• **Directions for this task**: Apart from the pictures, return every line of the listing exactly.

• **Given data**:
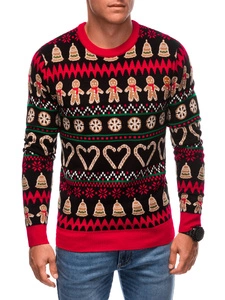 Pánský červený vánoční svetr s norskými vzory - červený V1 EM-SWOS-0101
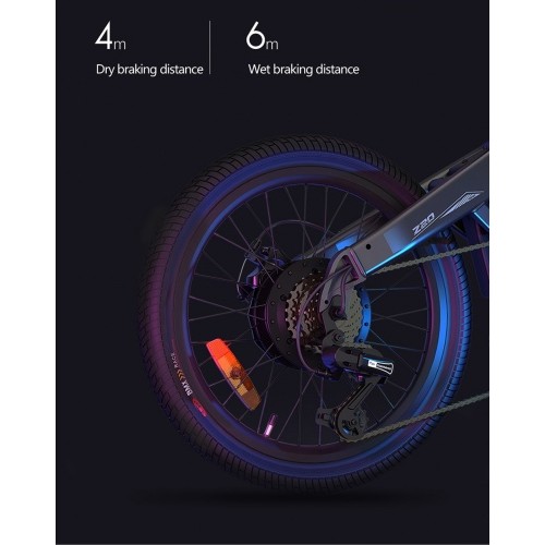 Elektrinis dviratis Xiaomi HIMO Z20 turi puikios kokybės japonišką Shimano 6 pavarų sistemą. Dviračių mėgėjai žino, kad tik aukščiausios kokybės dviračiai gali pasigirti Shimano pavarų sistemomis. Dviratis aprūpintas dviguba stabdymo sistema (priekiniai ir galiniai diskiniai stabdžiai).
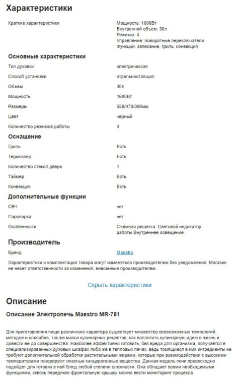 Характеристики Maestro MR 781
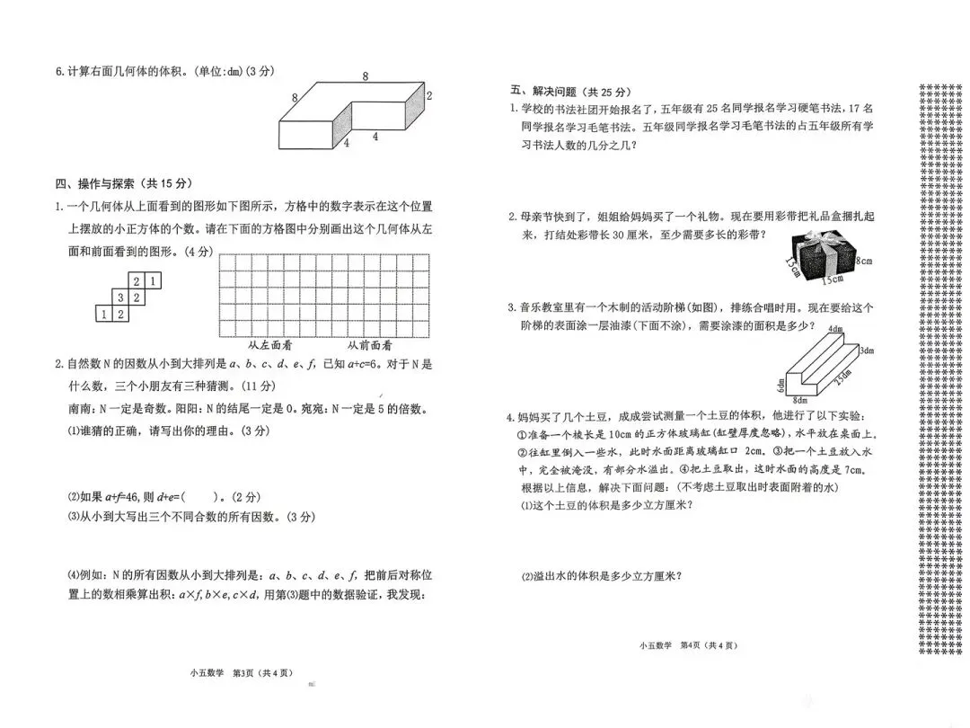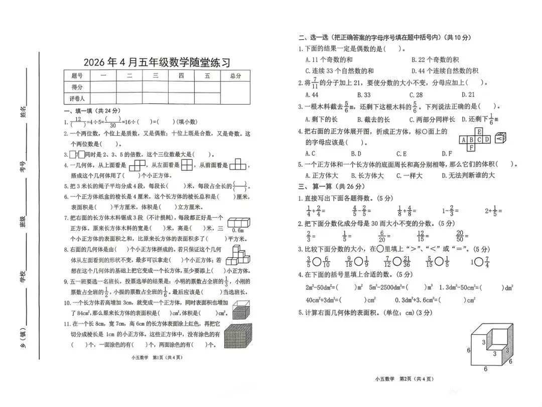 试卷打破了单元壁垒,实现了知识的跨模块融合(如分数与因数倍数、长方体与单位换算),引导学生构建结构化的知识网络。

• **Response to the task**:
 Pánský červený vánoční svetr s norskými vzory - červený V1 EM-SWOS-0101
 Elektrinis dviratis Xiaomi HIMO Z20 turi puikios kokybės japonišką Shimano 6 pavarų sistemą. Dviračių mėgėjai žino, kad tik aukščiausios kokybės dviračiai gali pasigirti Shimano pavarų sistemomis. Dviratis aprūpintas dviguba stabdymo sistema (priekiniai ir galiniai diskiniai stabdžiai).
 Характеристики Maestro MR 781
 试卷打破了单元壁垒,实现了知识的跨模块融合(如分数与因数倍数、长方体与单位换算),引导学生构建结构化的知识网络。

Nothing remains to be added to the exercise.